Note from Professor Lowe,

All

The following is taken from J.E Gordon’s book, Structures, or why things don’t fall down.  I can’t help thinking it has lessons for globalisation.  I particularly like the last sentence, which has an unintended application to politics and economics and to many complex systems.

“A much better-known accident of this type, in which a great many lives were lost, occurred with the troopship Birkenhead. This iron steamship had started life as a warship in 1846 with adequate strength and well supplied with continuous water-tight bulkheads.  When she was converted into a troopship, however, the War Office insisted that very large openings should be cut in the transverse water-tight bulkheads so as to give more light and air and apparent space for the troops.

In 1852, the Birkenhead was dispatched to India, by way of the Cape, with 648 persons on board, including twenty women and children.  By an error of pilotage, the ship struck an isolated rock about four miles off the South African coast.  The vessel was badly holed forward, and, since the bulkheads had been cut away, all the troop-decks in the forward part of the ship were flooded so quickly that many of the troops were drowned as the lay in their hammocks (the time being 2 a.m.).

Under the weight of the incoming water the flooded fore-part of the ship broke off and sank almost immediately, leaving the survivors crowded into the after-part, which sank more slowly.  It was dark, the sea was full of sharks and the life-boats were inadequate.  The troops behaved with great courage and discipline, smartly fallen in on the after-deck, while the women and children were sent ashore in such boats as there were.  All of the women and children were saved, but only 173 men survived: the rest were drowned or eaten by sharks.

The most obvious effect of cutting holes in the bulkheads was, of course, that the various compartments in the ship flooded very rapidly, and this was undoubtedly the prime cause of the ship’s loss.  Fewer lives might have been lost, however, if the ship had not broken in two, and this must be attributed, at least in part, to the weakening of the hull as a whole by cutting away the bulkheads on which its strength depended.

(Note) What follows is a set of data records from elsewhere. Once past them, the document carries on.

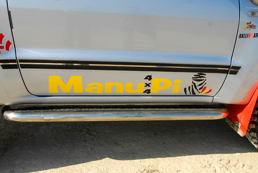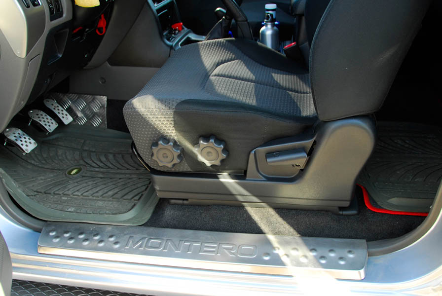 La preparación comenzó poniéndole unas estriberas originales de Mitsubishi, después se montó el Bull Face delantero (la defensa cromada), en Cobra 4×4 y poco a poco se fueron modificando pequeñas cositas, como el recorte de los paragolpes para mejorar los ángulos de serie que se quedaban un poco justos, a continuación se le montó un cubre carter de Soldaduras Carmona y unas llantas desplazadas Mangels con un ET 20 (ET 45 de origen), y unas cubiertas BF Goodrich Mud-Terrain 265/75-16. Posteriormente se le instalaron unas faldillas Sparco en color rojo, un snorkel Cibex, completamente enmasillado y pintado del color del resto de la carrocería y unas rejillas de protección para los faros antiniebla.
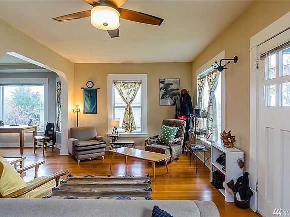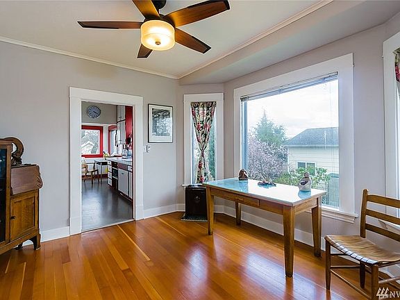 Desirable Old Town location! Exceptional Craftsman style home features architectural details & built-ins. Hardwood floors, large living room w/wood fireplace & new high end windows and exterior paint grace this period home. Stunning views of Mt. Baker from kitchen windows. Newer electrical & plumbing. Basement Newly remodeled with walk out French doors, living room and kitchen, 2 bedrooms and spacious bathroom. Low maintenance yard w/fruit trees, rock wall and staircase, flagstone patio, & garden space. Close to downtown, library, parks and local theater.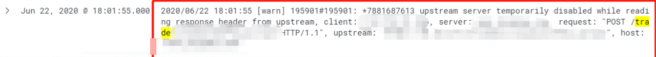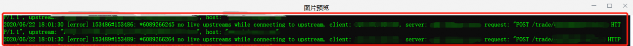 总的来说,就是各种对外接口频繁出现偶发性的商户请求不通,同时集中在同一项目部署的应用,Nginx 502 告警,并报错日志 no live upstreams while connecting to upstream。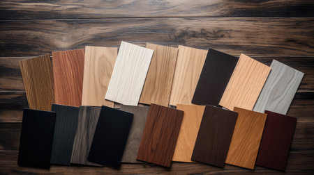 Sample of wood laminated chipboard for furniture design on wooden background with copy space. Color guide displaying a range of hues for use in interior design and decoration, for designers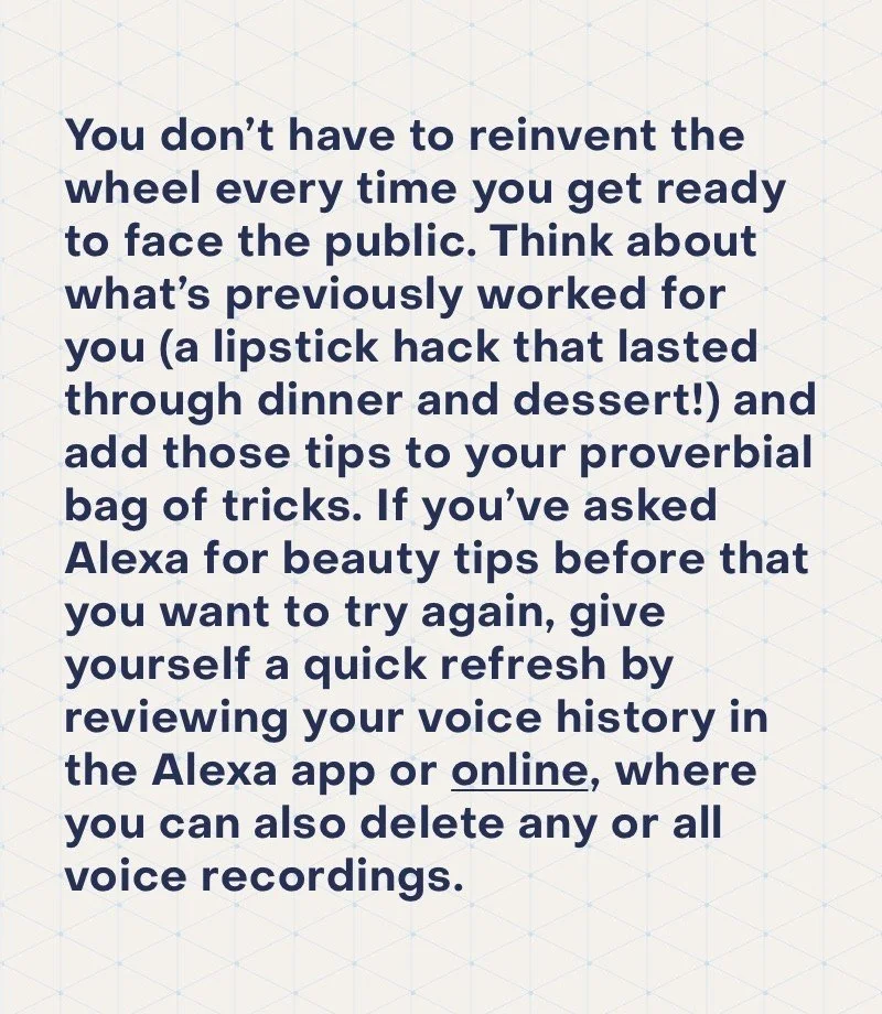 Taking your beauty routine to the next level may seem like a big undertaking, but with Alexa voice technology, it couldn’t be easier—or more secure. Here’s how to get started. (See the interactive piece here.)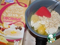 К шоколаду добавляем творожный сыр, яйцо и овсяные хлопья Мистраль. Все хорошо перемешиваем. |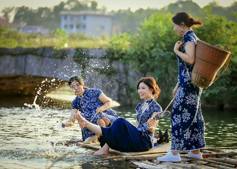2013年,外出闖蕩多年的楊彩虹,帶著女兒羅沙沙,毅然回鄉創立湖南藍印文化發展股份有限公司,并拜國家級非遺代表性傳承人蔣良壽為師,復活藍印花布傳統技藝。羅沙沙發揮大學所學專長,在學習傳統技藝的基礎上,大膽創新,設計出特色旗袍、禮服、枕套、遮陽傘等10多個系列的文創產品,廣受消費者喜愛。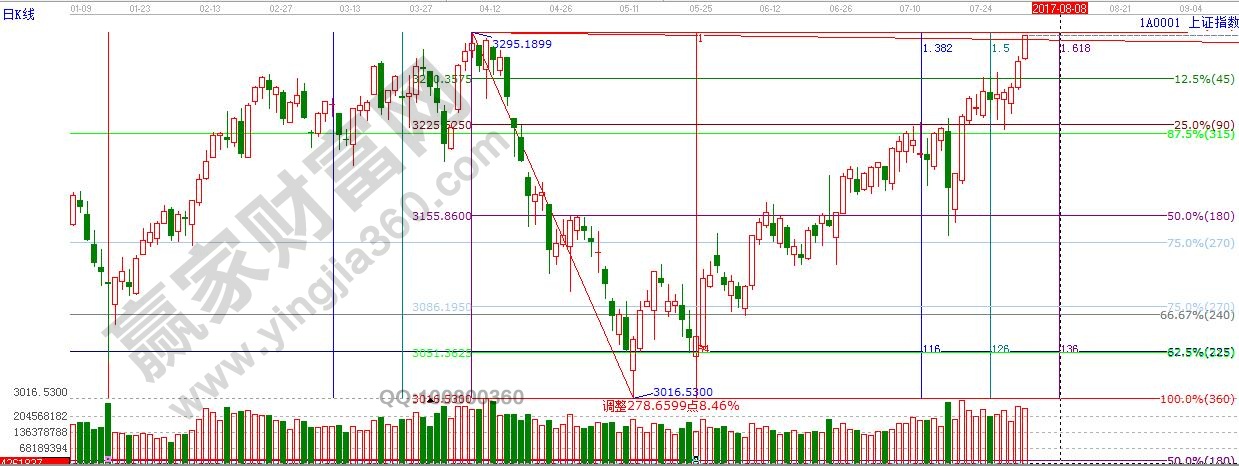 ☆依據(jù)贏家江恩理論系統(tǒng)黃金時(shí)間周期線提示:股指延續(xù)強(qiáng)勢(shì)表現(xiàn)。下一下窗口8月8日附近。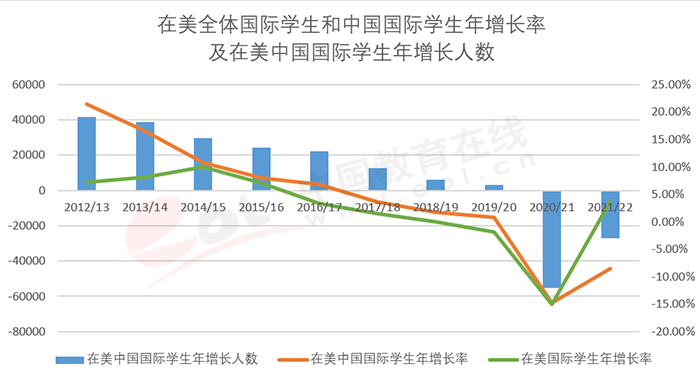 在2020/21學(xué)年之前,中國赴美留學(xué)國際學(xué)生年增長率一直高于全體赴美留學(xué)國際學(xué)生年增長率。在2020/21學(xué)年,雖然中國赴美留學(xué)生人數(shù)同比下降了14.8%,但主要是受疫情影響這一學(xué)年赴美國際學(xué)生整體下降了15%,相較而言,中國的下降幅度和整體是相當(dāng)?shù)?,甚至占國際學(xué)生比例還是最高的一年。但2021/22學(xué)年,在赴美國際學(xué)生整體增長3.8%的情況下,中國卻顯著下降,再次同比大幅下降8.6%(見圖9)。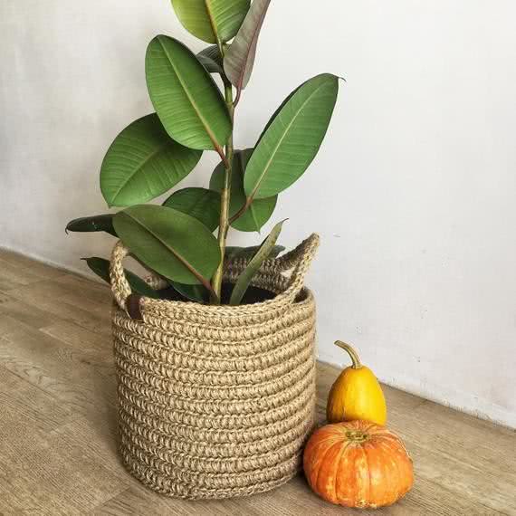 Даже если вы не умеете вязать крючком, это не так сложно, как кажется. Нравится такая модель корзинки? Она подходит для любого интерьера: от самого современного до аутентичного.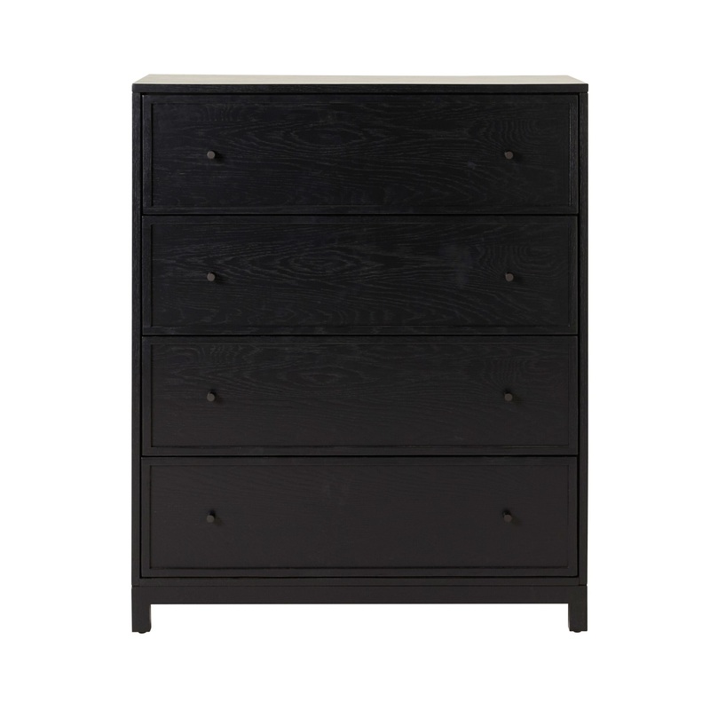 Bring a bold touch of modern design into your space with the Avalon 4 Drawer Chest in black. Made from oak, MDF, and oak veneer, it features clean lines and shadow line detailing, finished with a smooth nitrocellulose lacquer. The striking black colour sui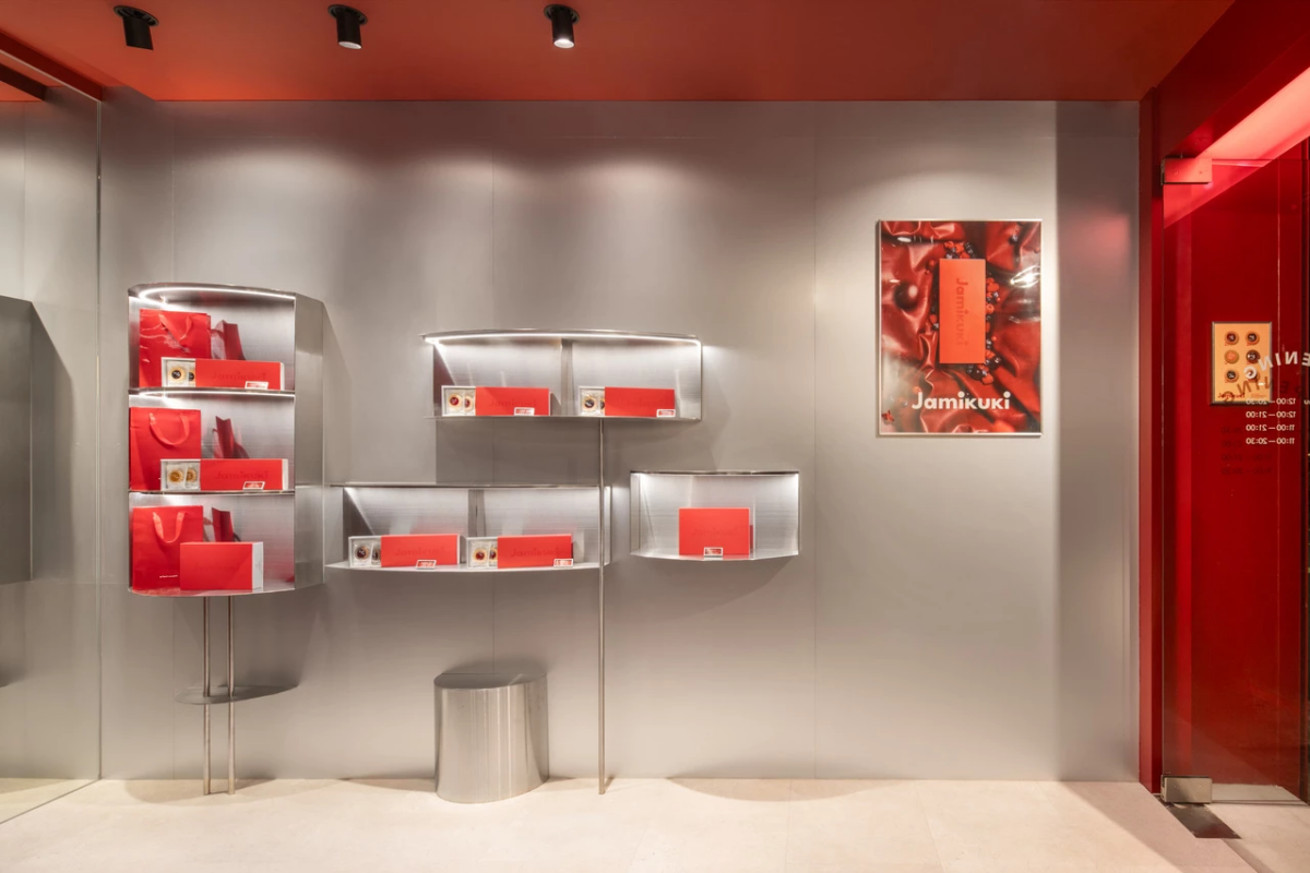 Jamikuki位於赤峰商圈巷弄內,店家紅色外觀與未來感銀色元素完美搭配,為甜點控們提供全新打卡場景;而店內設計則融合大膽色塊與法式慵懶風格,呈現獨特藝術氛圍。無論是享受下午茶時光,還是尋找伴手禮,喜歡甜點的你都不能錯過!

The loss of the Birkenhead immediately became famous as an example of discipline and heroism – deservedly so.  When the news reached Berlin, the King of Prussia ordered the story to be read aloud to all units of his army, specially paraded for the purpose.  But perhaps it would have been better still if he had instructed his War Office not to interfere with the structure of ships, a matter which soldiers do not always understand.”  pp 347-348

Bob

Robert Lowe

Prof of Energy and Building Science

Bartlett School of Graduate Studies

University College London

1-19 Torrington Place

London WC1E 7HB

+44 (0)20 7679 5981

Note from Admin – the above disaster is an example of the effects of the Relevance Paradox, and lack of Tacit Knowledge networks, both of which the Claverton Network is designed to address in the Energy and Environmental sield.